Ardheslaig chuffing hill, ramps up to 15%, done.
It doesn't look it...
but this chuffing lump has been going on forever and
kicks up to 15% at the top...cruelty at the end of the day!
Rewarded with spectacular views we are now on the last few miles downhill to find a settlement called Cuaig where our Cuaig Yurt was situated, like so many settlements we never saw a sign but did find the red roofed building housing Croft Wools weaving workshop. We knew it was shut Sunday/Monday and the owners' daughter was meeting us at the house. We proceeded to walk up and down the road a bit, no house to be seen. Of course we couldn't look up directions as no phone signal and I stupidly hadn't copied and pasted them when we did have signal. nothing in sight, no passing traffic, just views, and sheep. It was getting quite late, around 6pm. It felt so good to have got those hills under our belt before tomorrow.

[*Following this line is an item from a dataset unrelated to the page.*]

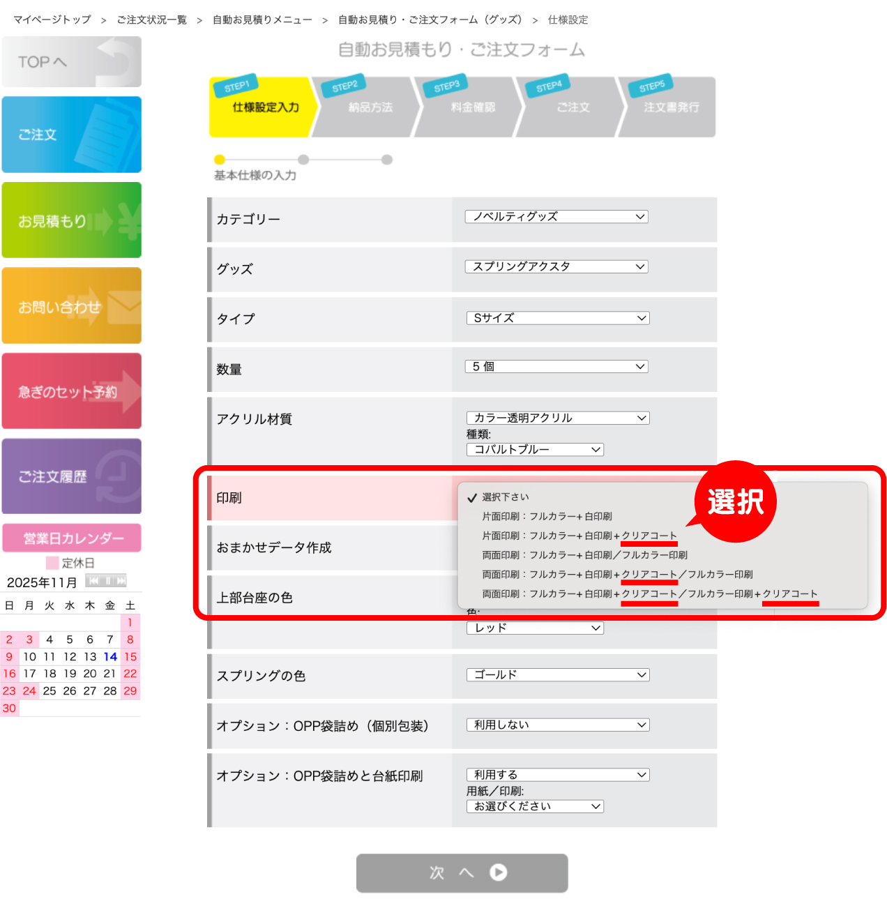 | マイページでのご注文時に「アクリル材質」を選択すると、「印刷」を選択する項目が 表示されますので印刷方式を選択すると同時にクリアコートも選択下さい。 |
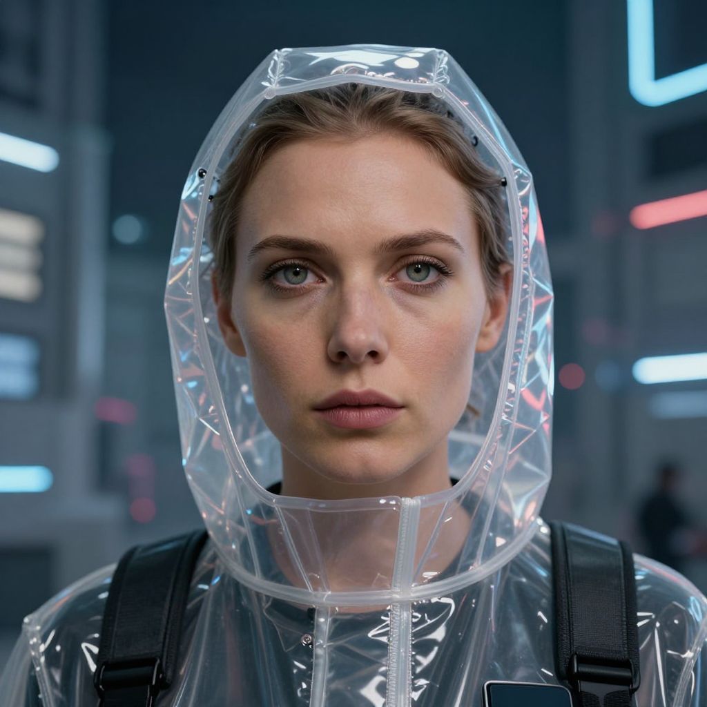Photorealistic CGI: Curly-haired woman in red dress holding a brain, standing in a sci-fi lab with colorful stained glass, monitors, and

I left my bike with Steve and tramped back up the hill and down a stone track and thankfully found the main house and was met by a cheerful Abi, we had found the right house, We chatted away and I returned to get Steve and bikes. Quite a rough walk back down the track with our bikes but well worth it. Abi led us over the croft land and machair to the yurt peeping it's red door in the bottom corner of the field. The midges were out, dry air but wet ground. Just look at our home for the night. Abi had filled the water carrier with safe stream water from their supply, offered us firewood for the fire pit, and showed us the toilet tent round the back. I am totally in love yet again. Really this is nicer than the Torridon. we can stay two weeks here for the price of one night in the Torridon. Value for money and total tranquillity. £25 a night. Extra £5 if you want duvets. Stunning value. Posh camping.
Cuaig Yurt
We had brought our sheet liners but the yurt had two z-beds, duvets, a raised floor and camping chairs.
Yurt lush
A raised camping gas stove and pots and pans, matches. Solar lights. We were self sufficient. so airy yet cosy and no midges inside as long as the door was kept closed.
Yurt mod cons
We are fenced in, presumably to keep the sheep at bay, and have our own gate and front lawn.
Our fire pit to keep midges at bay
We brewed up, having remembered to pick up tea bags, coffee and uht milk sachets from the BnB. This is the life. After our snack picnic we walked down to the sandy beach 5 minutes away through the stunning croft machair or wildflower meadow.
Croft machair

Ox eye daisies
After damp bracken wading we opened the gate to the shoreline, the tide is in.
Our beach 9.30pm

Yes I took my knitting on a cycling holiday. It's a "hap" or a working crofter's shawl pattern from a new book, the Book of Haps that I recently bought by the knitwear designer Kate Davies.
Wild knitting
My "Hebridean Hap" is the Shore Hap pattern and I carefully chose the yarn before we left to reflect the colours of the machair, sea, crags and skies in the Hebrides, Cycling and knitting are perfect partners. Knitting on a ferry is normal too isn't it?
My Hebriddean Hap
I will make two halves, join and knit into the triangle at the back and then the ends can tie in many ways and not get in the way when wearing as an extra layer in cooler climates.
I could stay here forever as long as I have midge repellent
Dig the cycling socks and grungy lightweight but perfect sandals, my only pair of footwear other than cycling shoes. One pair full length leggings to keep midges out and a bright easy to dry fleece that can be worn on the bike if necessary.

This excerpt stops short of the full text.